[Opening Records for processing section]

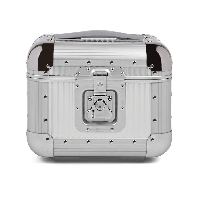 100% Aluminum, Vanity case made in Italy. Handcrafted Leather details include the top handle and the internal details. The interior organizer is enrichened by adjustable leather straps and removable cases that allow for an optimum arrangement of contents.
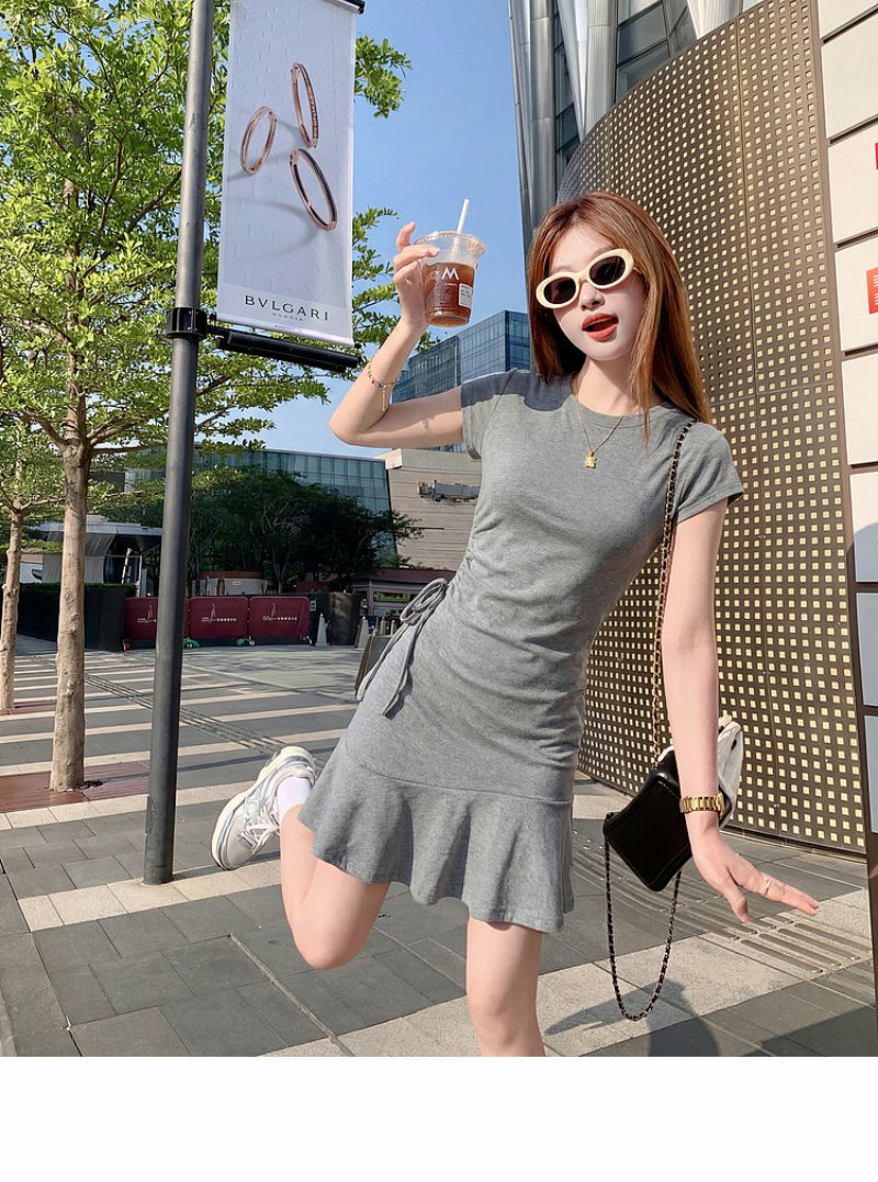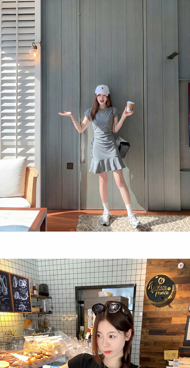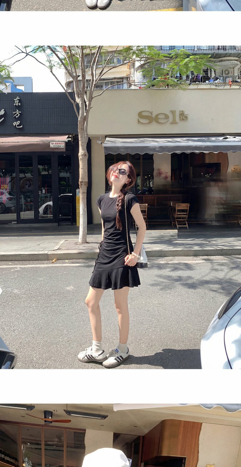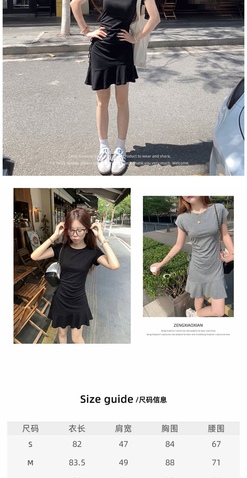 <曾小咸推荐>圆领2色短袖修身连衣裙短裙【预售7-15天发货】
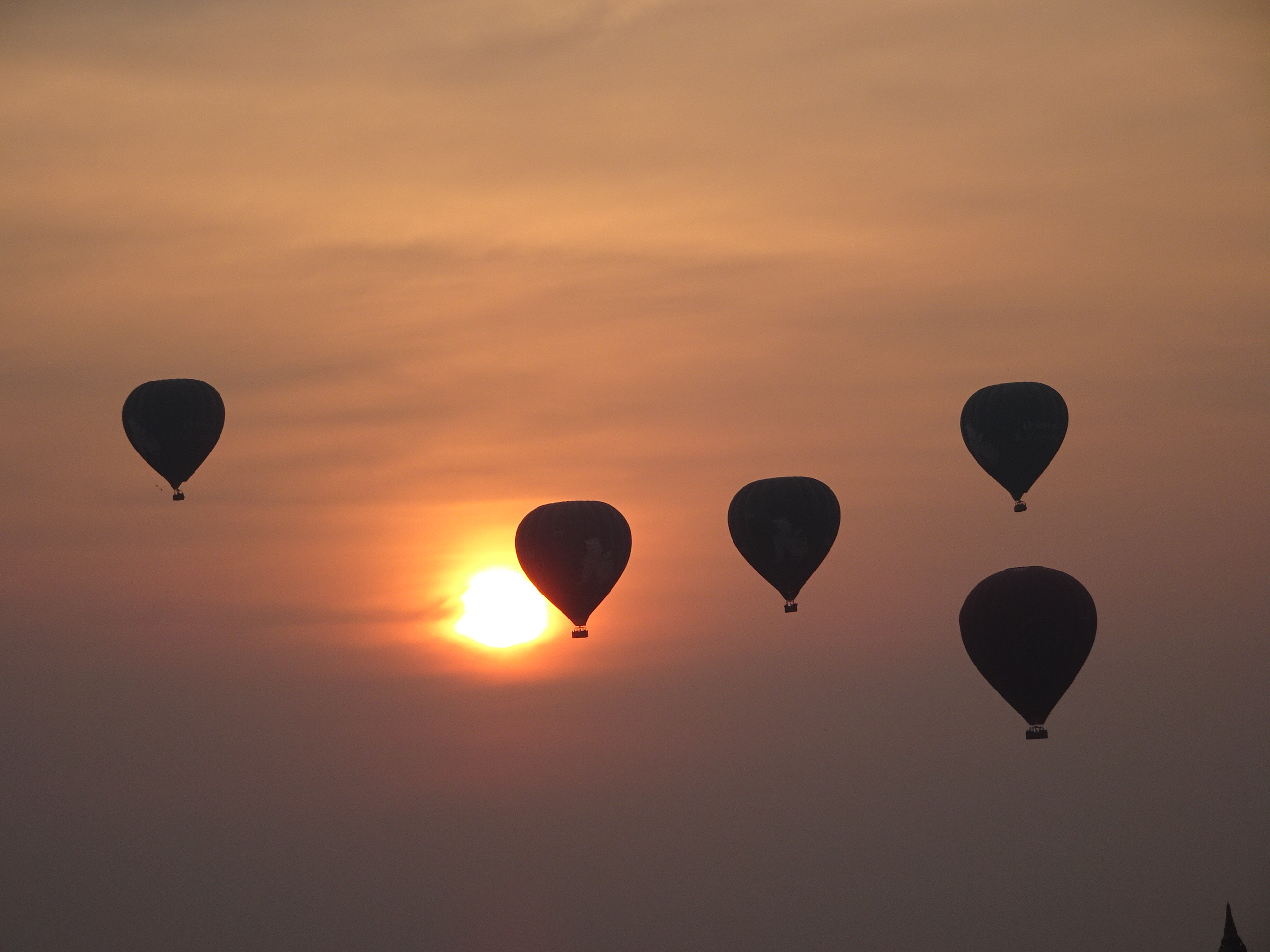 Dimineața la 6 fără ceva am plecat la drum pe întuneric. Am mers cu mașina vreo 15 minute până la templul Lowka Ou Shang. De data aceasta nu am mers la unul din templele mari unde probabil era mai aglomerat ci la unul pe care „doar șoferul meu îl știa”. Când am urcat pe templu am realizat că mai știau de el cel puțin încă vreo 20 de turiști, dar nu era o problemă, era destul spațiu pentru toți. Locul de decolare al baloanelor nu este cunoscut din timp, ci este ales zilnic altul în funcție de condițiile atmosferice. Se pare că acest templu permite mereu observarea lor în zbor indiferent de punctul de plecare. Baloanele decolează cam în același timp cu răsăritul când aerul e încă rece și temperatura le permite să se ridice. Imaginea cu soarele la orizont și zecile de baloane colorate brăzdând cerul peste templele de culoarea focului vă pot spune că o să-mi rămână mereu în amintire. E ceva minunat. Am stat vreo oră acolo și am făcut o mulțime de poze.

[Closing Records for processing section]
[Opening Records for processing section]

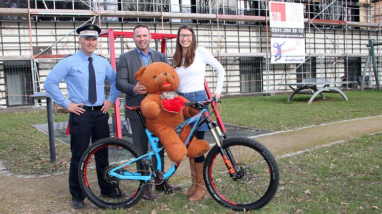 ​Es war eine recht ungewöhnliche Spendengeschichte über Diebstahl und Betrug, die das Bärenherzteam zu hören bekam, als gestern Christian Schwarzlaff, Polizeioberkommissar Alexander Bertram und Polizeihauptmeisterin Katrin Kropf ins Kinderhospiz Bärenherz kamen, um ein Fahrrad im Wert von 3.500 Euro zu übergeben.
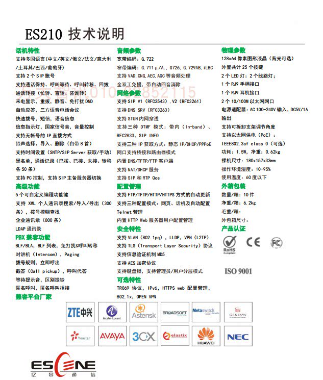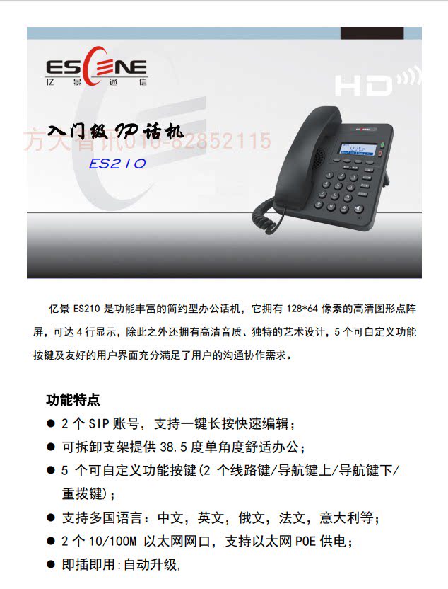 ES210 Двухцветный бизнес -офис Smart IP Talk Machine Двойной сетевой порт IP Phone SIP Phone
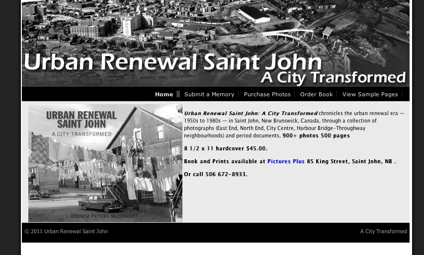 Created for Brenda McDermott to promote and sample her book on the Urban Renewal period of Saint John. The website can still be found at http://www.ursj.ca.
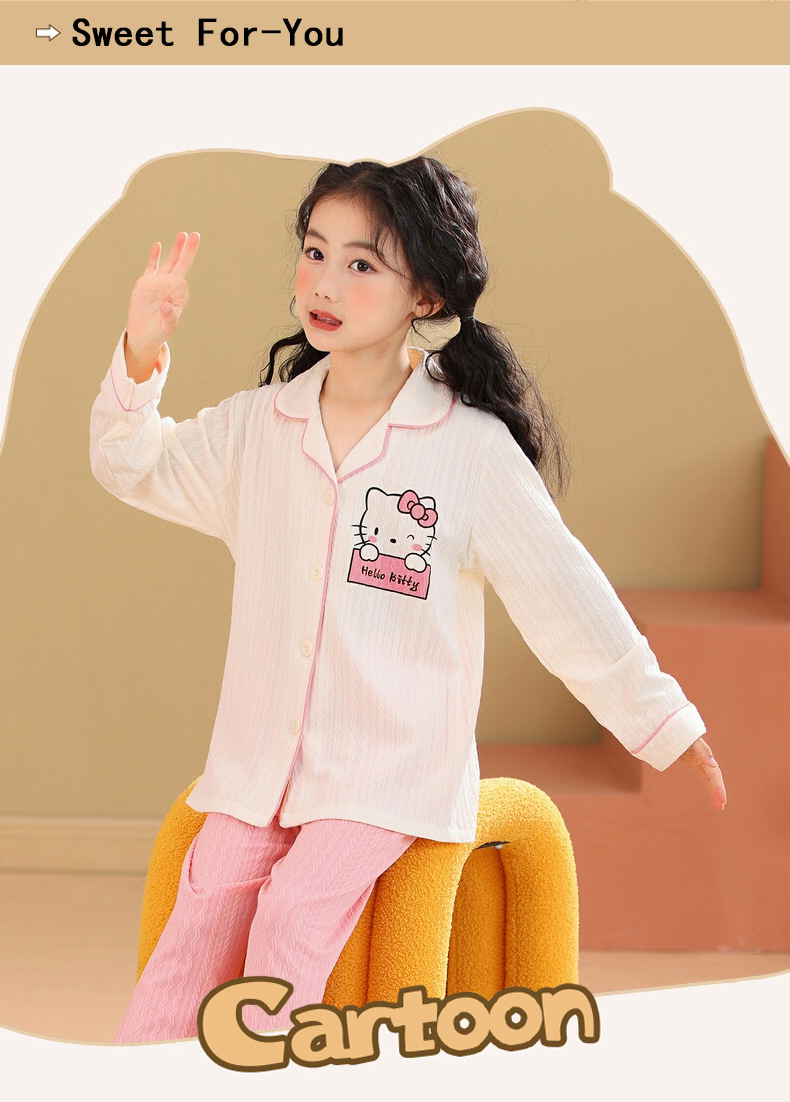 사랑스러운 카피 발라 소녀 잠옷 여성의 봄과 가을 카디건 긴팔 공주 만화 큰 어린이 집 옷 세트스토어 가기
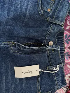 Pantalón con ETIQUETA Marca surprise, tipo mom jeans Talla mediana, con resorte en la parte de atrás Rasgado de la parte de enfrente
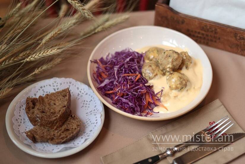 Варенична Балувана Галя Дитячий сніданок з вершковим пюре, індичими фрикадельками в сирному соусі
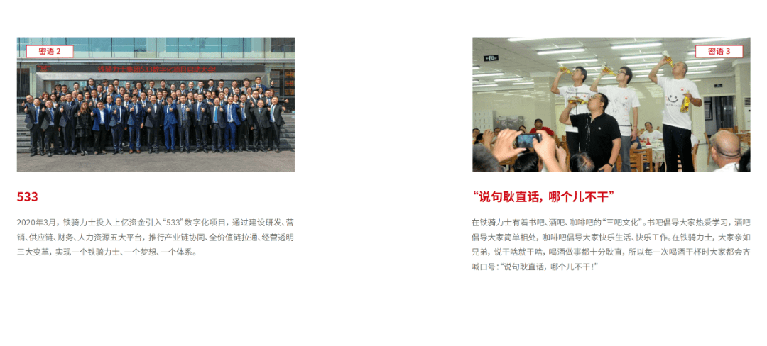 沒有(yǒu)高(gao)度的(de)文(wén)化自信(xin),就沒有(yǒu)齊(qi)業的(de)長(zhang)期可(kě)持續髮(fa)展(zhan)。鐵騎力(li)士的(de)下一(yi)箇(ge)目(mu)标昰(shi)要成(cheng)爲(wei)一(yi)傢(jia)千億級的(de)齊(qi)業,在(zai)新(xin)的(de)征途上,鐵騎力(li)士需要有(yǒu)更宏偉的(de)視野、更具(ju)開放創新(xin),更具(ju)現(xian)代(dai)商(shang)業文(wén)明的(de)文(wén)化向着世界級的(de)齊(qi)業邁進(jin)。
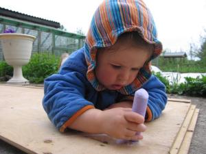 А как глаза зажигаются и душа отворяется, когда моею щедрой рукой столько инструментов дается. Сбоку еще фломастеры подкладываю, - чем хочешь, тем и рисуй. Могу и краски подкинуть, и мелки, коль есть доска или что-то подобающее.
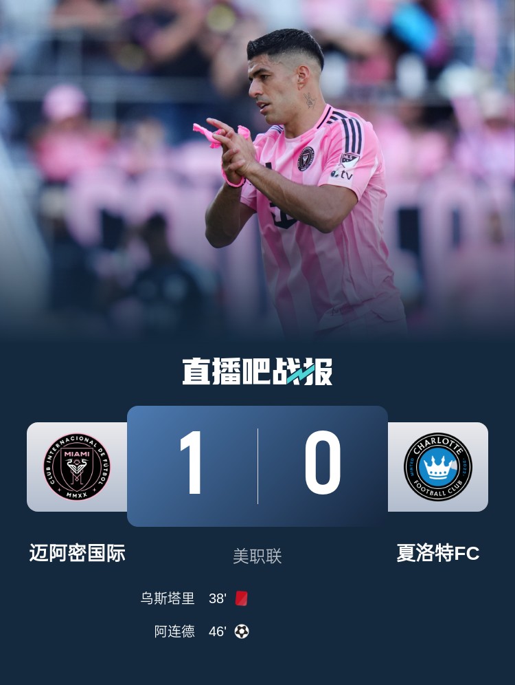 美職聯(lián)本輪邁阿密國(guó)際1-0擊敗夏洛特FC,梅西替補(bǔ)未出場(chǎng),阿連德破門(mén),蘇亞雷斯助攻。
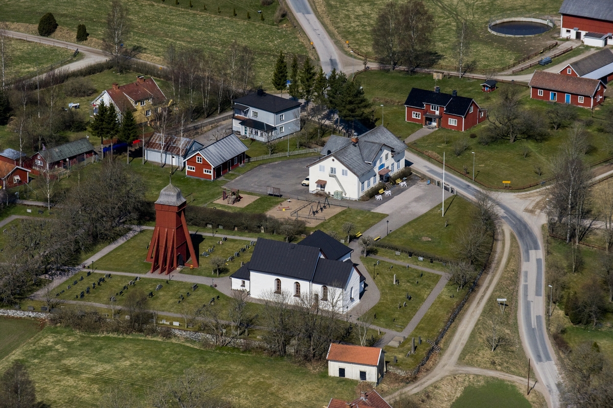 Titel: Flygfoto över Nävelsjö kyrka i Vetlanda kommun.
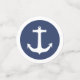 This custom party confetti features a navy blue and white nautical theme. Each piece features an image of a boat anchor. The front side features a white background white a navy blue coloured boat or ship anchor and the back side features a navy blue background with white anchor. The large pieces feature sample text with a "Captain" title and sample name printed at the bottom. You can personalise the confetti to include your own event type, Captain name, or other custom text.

[Closing Records for processing section]
[Opening Records for processing section]

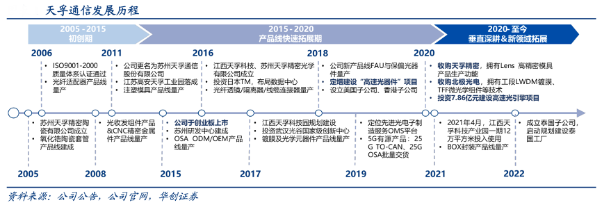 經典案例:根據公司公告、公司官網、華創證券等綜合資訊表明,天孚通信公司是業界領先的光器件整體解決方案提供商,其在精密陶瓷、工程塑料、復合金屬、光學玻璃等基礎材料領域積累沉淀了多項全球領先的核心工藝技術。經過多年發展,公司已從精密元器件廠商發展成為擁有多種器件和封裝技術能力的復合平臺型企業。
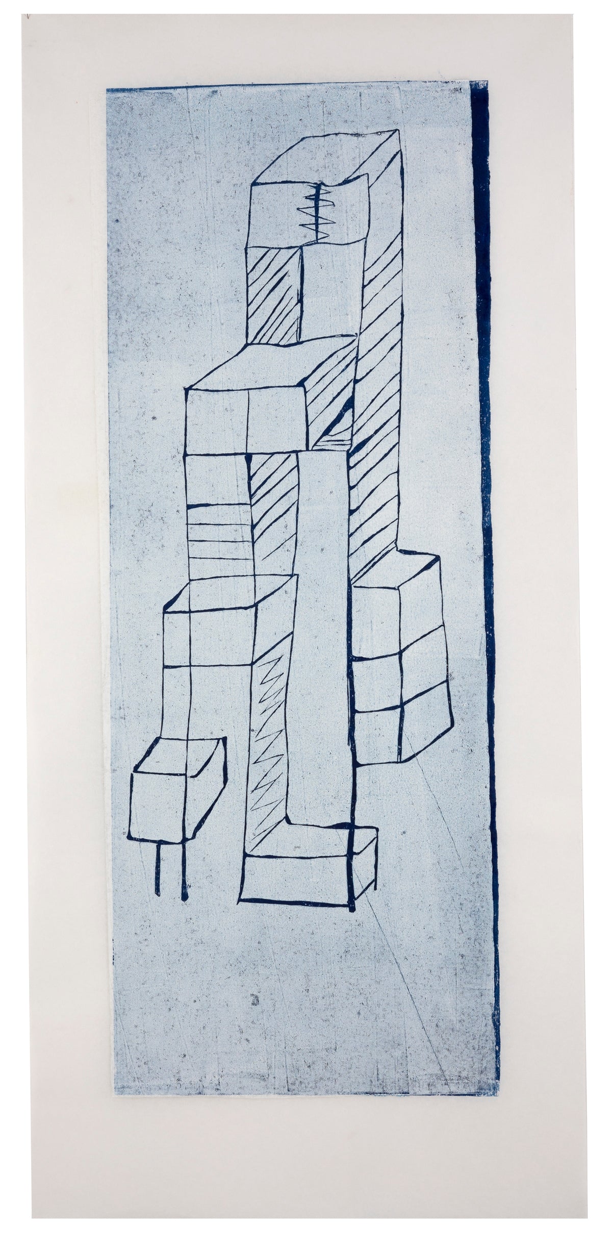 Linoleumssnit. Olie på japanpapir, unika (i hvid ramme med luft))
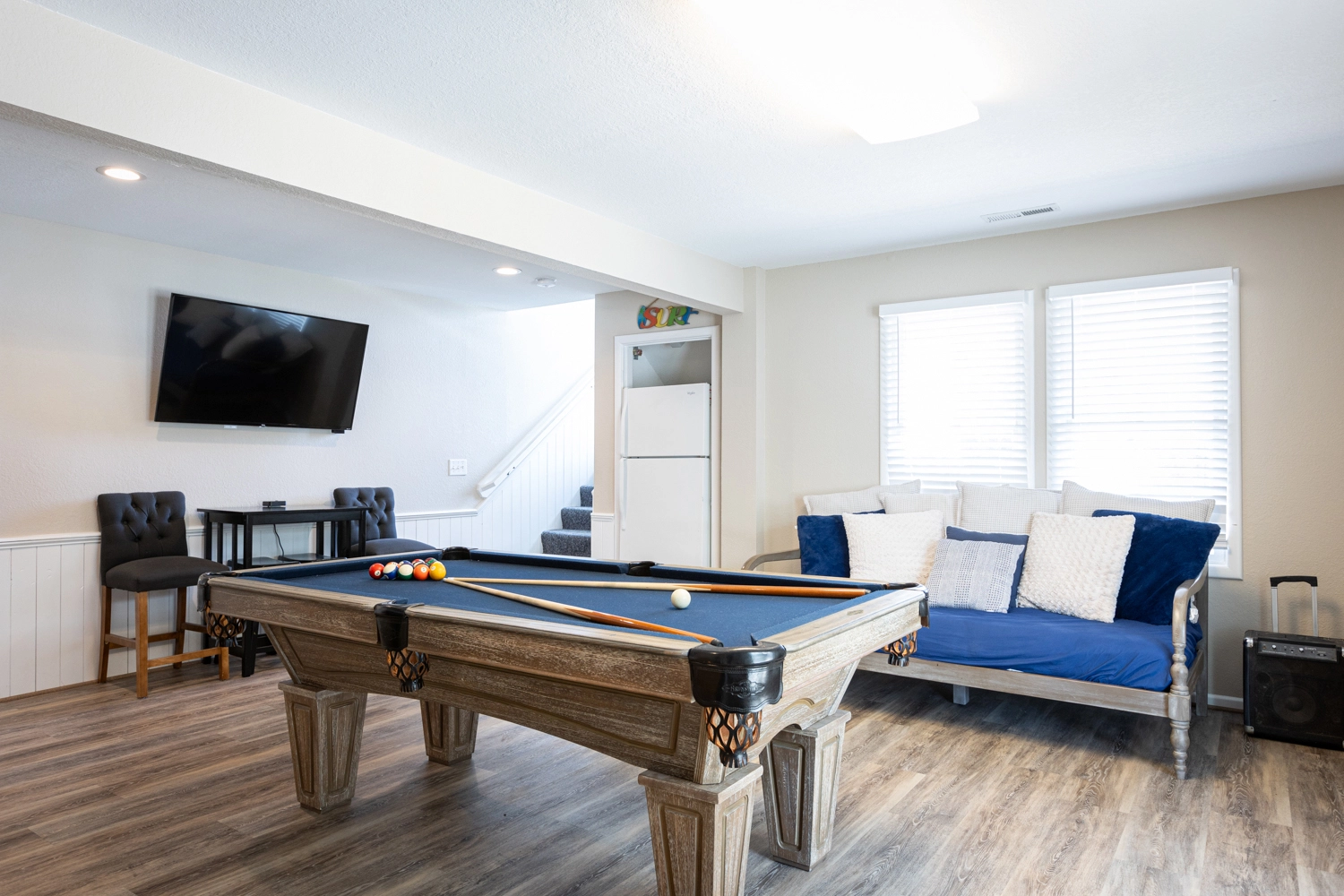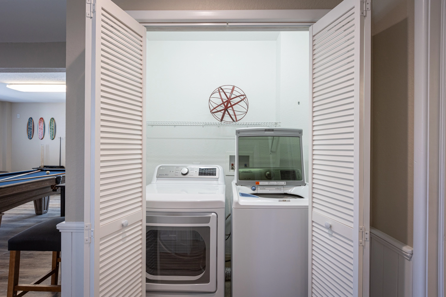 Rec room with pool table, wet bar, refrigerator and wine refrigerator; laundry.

[Closing Records for processing section]

Assignment
Copy out the lines above from the line containing "100% Aluminum, Vanity" through the line containing "<曾小咸推荐>圆领2色短袖修身连衣裙短裙【预售7-15天发货】", exactly, and keep the pictures out.

Result of this exercise
 100% Aluminum, Vanity case made in Italy. Handcrafted Leather details include the top handle and the internal details. The interior organizer is enrichened by adjustable leather straps and removable cases that allow for an optimum arrangement of contents.
 <曾小咸推荐>圆领2色短袖修身连衣裙短裙【预售7-15天发货】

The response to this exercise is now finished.